A la noche siguiente, bajó en medio de la oscuridad a enviarle su carta a Daldry. Éste la recibió una semana más tarde y nunca le confesó a Alice que él también, al leerla, había llorado.
De regreso a Estambul, Alice ya no tenía sino una idea en la cabeza: encontrar a su hermano. La señora Yilmaz le había confesado que se había ido al cumplir los diecisiete años a probar suerte en Estambul. Rafael la visitaba una vez al año y le escribía de vez en cuando una postal. Se había hecho pescador y pasaba en el mar la mayor parte de su vida, a bordo de grandes atuneros.
Durante el verano, todos los domingos, Alice recorrió los puertos a lo largo del Bósforo. En cuanto atracaba un barco de pesca, se precipitaba hacia el muelle y les pedía a los marinos que bajaban si conocían a un tal Rafael Kachadorian.
Pasaron julio, agosto y septiembre.
Un domingo, aprovechando una noche templada de otoño, Can invitó a Alice a cenar en el pequeño restaurante que tanto le había gustado a Daldry. En esa estación, las mesas se extendían escalonadas a lo largo de la escollera.
En mitad de su conversación, Can dejó de hablar de repente. Le cogió la mano a Alice con una infinita ternura.
—Hay un punto en el que me había equivocado, y otro en el que siempre he tenido razón —añadió.
—Te escucho —dijo Alice burlona.
—Me había equivocado: la amistad entre un hombre y una mujer puede existir de verdad. Se ha convertido en mi amiga, Alice Anusheh Pendelbury.
—¿Y en qué punto siempre has tenido razón? —preguntó Alice, con una sonrisa en los labios.
—Realmente siempre he sido el mejor guía de Estambul —respondió Can con una gran carcajada.
—¡Nunca lo he dudado! —exclamó Alice mientras se le contagiaba el ataque de risa de Can—. Pero ¿por qué me dices eso ahora?
—Porque tiene un doble masculino, está sentado dos mesas detrás de usted.
Alice dejó de reírse, se volvió y contuvo el aliento.
A su espalda, un hombre un poco más joven que ella cenaba en compañía de una mujer.
Alice arrastró su silla y se levantó. Los pocos metros por recorrer le parecían interminables.

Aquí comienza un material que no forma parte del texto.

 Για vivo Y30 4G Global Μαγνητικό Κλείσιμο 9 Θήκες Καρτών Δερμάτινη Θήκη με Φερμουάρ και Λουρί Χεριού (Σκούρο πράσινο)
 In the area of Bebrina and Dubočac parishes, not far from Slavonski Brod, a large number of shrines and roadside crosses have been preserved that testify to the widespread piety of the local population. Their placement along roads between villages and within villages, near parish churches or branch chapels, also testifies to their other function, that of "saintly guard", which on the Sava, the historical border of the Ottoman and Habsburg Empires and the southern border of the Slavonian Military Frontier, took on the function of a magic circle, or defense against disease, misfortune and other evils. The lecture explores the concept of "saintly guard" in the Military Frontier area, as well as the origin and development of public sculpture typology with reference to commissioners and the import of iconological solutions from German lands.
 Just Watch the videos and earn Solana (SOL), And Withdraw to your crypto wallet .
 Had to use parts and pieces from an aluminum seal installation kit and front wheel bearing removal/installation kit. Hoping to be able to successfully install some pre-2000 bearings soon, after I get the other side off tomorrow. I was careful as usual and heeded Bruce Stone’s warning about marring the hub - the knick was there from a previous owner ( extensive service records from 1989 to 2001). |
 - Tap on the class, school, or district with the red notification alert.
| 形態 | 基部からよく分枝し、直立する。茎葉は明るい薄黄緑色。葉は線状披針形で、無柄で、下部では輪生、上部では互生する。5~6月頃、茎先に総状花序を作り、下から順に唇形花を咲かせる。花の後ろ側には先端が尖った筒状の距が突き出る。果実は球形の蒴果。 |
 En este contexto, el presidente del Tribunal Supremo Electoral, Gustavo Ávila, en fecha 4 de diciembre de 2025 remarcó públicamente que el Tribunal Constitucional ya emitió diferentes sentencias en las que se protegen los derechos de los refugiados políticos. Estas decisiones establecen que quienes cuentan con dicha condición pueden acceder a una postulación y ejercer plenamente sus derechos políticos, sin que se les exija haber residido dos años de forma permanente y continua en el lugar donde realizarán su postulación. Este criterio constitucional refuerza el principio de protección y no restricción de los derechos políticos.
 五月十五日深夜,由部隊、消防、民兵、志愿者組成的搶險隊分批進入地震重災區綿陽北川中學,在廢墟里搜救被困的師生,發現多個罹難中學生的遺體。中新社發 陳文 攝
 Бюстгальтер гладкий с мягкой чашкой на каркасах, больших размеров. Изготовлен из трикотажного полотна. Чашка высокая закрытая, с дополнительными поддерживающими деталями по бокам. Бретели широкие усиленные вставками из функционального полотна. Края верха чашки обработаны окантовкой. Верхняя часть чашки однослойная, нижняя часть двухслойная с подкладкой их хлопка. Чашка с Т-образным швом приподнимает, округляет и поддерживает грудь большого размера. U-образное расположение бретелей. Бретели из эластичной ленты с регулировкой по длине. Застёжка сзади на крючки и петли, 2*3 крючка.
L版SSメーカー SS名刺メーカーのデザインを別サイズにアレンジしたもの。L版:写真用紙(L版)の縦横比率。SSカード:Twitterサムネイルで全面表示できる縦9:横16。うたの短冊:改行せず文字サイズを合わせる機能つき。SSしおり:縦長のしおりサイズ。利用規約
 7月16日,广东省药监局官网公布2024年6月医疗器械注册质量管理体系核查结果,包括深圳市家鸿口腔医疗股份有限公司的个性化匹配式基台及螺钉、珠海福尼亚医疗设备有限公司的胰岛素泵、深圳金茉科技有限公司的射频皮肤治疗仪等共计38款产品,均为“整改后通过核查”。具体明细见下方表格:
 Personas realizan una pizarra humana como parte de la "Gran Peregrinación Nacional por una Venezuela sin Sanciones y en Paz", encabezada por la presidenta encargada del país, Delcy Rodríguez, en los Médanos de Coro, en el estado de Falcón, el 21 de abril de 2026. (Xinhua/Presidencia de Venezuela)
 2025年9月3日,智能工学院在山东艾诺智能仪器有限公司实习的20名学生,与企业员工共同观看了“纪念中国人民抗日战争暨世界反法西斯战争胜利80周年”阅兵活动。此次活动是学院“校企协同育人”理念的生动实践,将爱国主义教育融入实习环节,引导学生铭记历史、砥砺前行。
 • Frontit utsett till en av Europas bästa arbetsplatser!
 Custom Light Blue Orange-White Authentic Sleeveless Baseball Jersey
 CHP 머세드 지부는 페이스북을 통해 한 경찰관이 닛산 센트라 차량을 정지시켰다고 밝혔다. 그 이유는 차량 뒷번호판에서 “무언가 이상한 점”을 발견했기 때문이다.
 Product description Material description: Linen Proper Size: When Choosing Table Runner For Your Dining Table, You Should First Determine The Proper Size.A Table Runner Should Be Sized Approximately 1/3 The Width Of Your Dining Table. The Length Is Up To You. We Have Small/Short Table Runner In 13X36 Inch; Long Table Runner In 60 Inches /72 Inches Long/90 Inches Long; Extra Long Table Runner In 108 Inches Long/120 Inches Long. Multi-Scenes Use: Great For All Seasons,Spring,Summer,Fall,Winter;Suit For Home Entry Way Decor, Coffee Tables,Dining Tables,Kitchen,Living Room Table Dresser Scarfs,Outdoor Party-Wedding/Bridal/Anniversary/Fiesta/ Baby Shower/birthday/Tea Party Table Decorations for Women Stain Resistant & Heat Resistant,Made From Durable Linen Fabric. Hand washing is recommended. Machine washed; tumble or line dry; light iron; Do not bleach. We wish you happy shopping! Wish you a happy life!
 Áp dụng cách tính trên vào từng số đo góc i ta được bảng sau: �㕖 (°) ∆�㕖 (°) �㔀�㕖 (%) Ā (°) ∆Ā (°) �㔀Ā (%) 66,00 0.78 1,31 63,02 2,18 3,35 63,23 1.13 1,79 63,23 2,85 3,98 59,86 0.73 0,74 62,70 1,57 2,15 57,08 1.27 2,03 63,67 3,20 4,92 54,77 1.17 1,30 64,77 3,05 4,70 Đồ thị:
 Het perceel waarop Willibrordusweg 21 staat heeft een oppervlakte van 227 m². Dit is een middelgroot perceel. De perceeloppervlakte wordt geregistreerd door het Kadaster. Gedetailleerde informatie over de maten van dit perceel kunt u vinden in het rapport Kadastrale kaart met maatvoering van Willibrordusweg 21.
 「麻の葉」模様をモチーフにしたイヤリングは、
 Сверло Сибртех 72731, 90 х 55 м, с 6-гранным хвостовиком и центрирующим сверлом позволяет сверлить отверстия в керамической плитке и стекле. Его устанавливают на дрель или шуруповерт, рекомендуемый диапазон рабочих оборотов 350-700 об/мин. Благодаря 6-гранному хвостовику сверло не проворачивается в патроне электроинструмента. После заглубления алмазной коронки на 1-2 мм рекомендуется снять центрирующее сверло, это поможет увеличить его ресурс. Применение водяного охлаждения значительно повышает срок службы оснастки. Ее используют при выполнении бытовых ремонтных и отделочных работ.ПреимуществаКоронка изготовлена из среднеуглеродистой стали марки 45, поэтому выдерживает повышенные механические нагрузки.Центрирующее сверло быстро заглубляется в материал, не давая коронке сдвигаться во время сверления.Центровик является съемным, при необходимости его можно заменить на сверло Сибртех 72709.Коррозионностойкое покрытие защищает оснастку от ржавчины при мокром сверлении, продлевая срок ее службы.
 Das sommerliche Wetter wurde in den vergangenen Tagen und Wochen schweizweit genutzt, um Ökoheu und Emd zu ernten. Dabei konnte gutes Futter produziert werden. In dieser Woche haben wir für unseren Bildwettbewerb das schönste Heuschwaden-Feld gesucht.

Cuando llegó ante él, pidió disculpas por interrumpir su conversación y le preguntó si se llamaba Rafael.
Las facciones del hombre se quedaron paralizadas cuando descubrió a la pálida luz de los farolillos el rostro de la extranjera que acababa de hacer esa pregunta.
Se levantó y su mirada se clavó en los ojos de Alice.
—Creo que soy su hermana —dijo con voz quebradiza—. Soy Anusheh, te he buscado por todas partes.
—Me siento a gusto en tu casa —dijo Alice acercándose a la ventana.
—Es muy pequeña, pero, desde mi cama, veo el Bósforo, y además no estoy aquí muy a menudo.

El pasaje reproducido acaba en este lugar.